To put this into perspective, in a 2016, Special 301 Report, the Office of the United States Trade Representative stated: “While it is impossible to determine an exact figure, studies have suggested that up to 20 per cent of drugs sold in the Indian market are counterfeit and could represent a serious threat to patient health and safety” and “97 per cent of all counterfeit pharmaceuticals seized at the US border in Fiscal Year 2015 were shipped from four economies:  China, Hong Kong, India, and Singapore.”
So, while we can agree that “India is a major supplier of pharmaceuticals like the United States (US) and Cuba”, as the minister stated, it is also a major supplier of ‘unwanted’ pharmaceuticals that could have devastating effects if they were to slip into our health system.

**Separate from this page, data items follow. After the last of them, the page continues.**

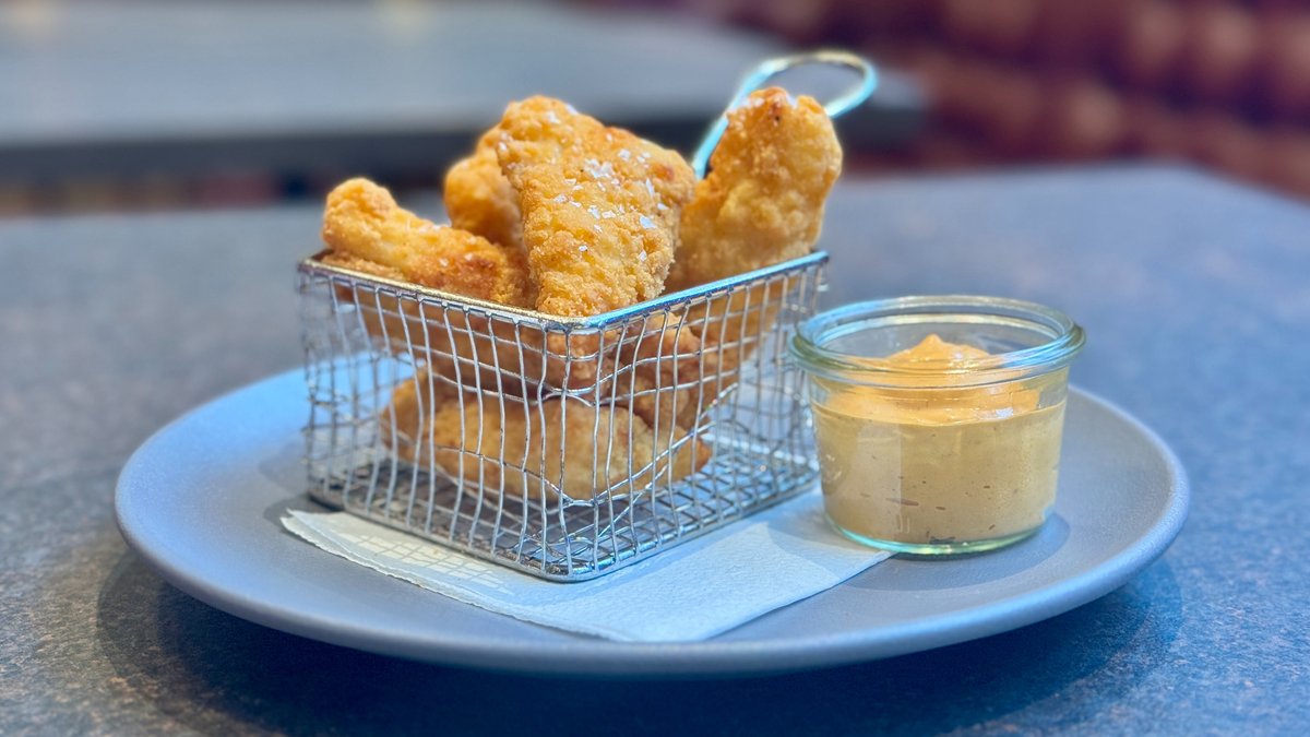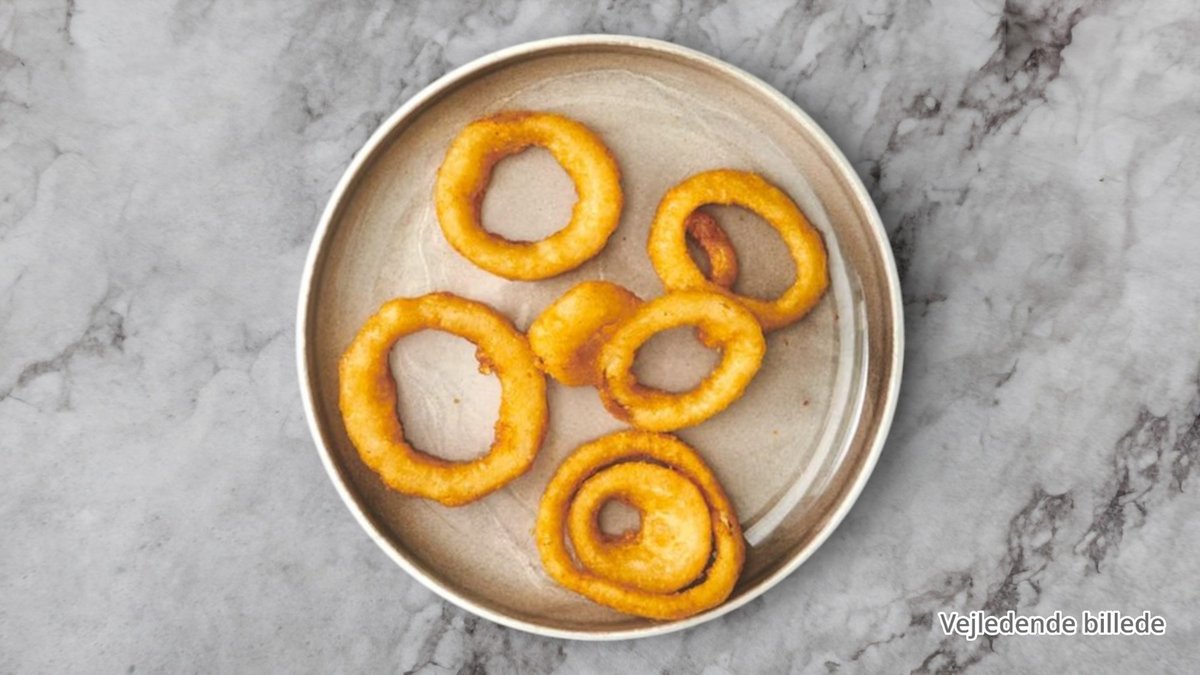 Ølpanerede løgringe med mayo.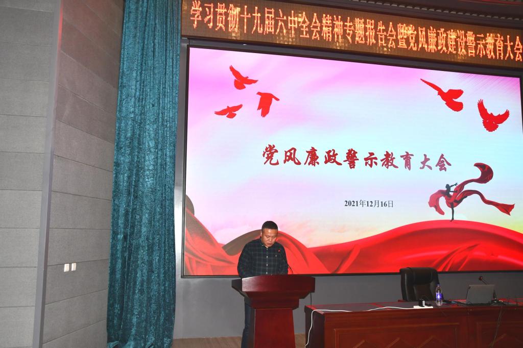为深入学习贯彻党的十九届六中全会精神,2021年12月16日下午动物动物医学学院和beat365中国唯一官网联合举办学习贯彻十九届六中全会精神专题报告会暨党风廉政建设警示教育大会,两个学院全体教职工党员参加了会议。会议由动物医学学院党委书记饶家辉同志主持。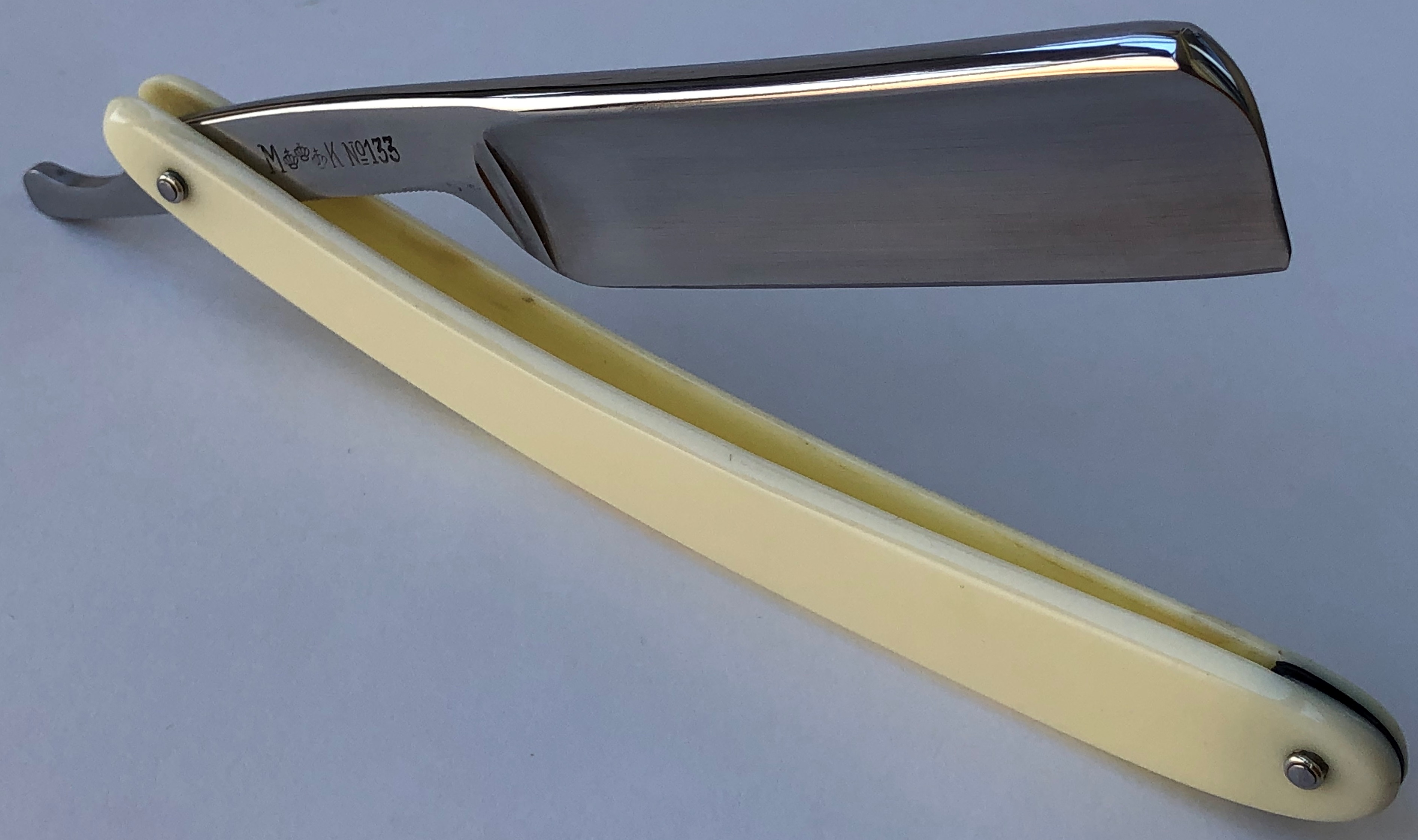 Ширина полотна-18.3 мм. Толщина обушка-4.5 мм. Полная вогнутость. Углеродистая сталь. Бритва совершенно новая и была заточена мной впервые. Ничего не разбиралось и не ремонтировалось.Только немного полирнул 80 летний клинок,чтобы немного вернуть ему былой блеск. Бритву сначала хотел оставить в своей коллекции,но посмотрел,что такая у меня уже есть,поэтому есть возможность стать обладателем достаточно редкой вещи "сталинского" времени.Идеальная геометрия полотна:кромочка равномерна по всей длине и еле заметна.Осевой пин немного подтянул,чтобы клинок не болтался,как обычно они болтаются на новых бритвах. Бритва заточена и готова к бритью. Не пропустите отличную коллекционную бритву ! Цена-12500 р с доставкой. Внимание! Важная информация! Spoiler Show

How devastating? Let’s take India itself. A 2015 Newsweek article on the subject of counterfeit drugs entitled “The Fake Drug Industry Is Exploding, and We Can’t Do Anything About It”, authored by Alexandra Ossola, reported: “In 2013, officials in India discovered that 8,000 patients died over a five-year period in a remote Himalayan hospital because an antibiotic used to prevent infection after surgery had no active ingredient.”
It is not our intent to bad talk the Indian pharmaceutical industry but there is enough information out there and easily available from organisations like the WHO and the Centers for Disease Control (CDC), or even on the Internet, to cause our government to ‘err on the side of caution’. Countries like India have done immense good in reducing the cost of pharmaceuticals but it is unlikely that we have the necessary resources or expertise to safely surf through the massive world of counterfeit drugs.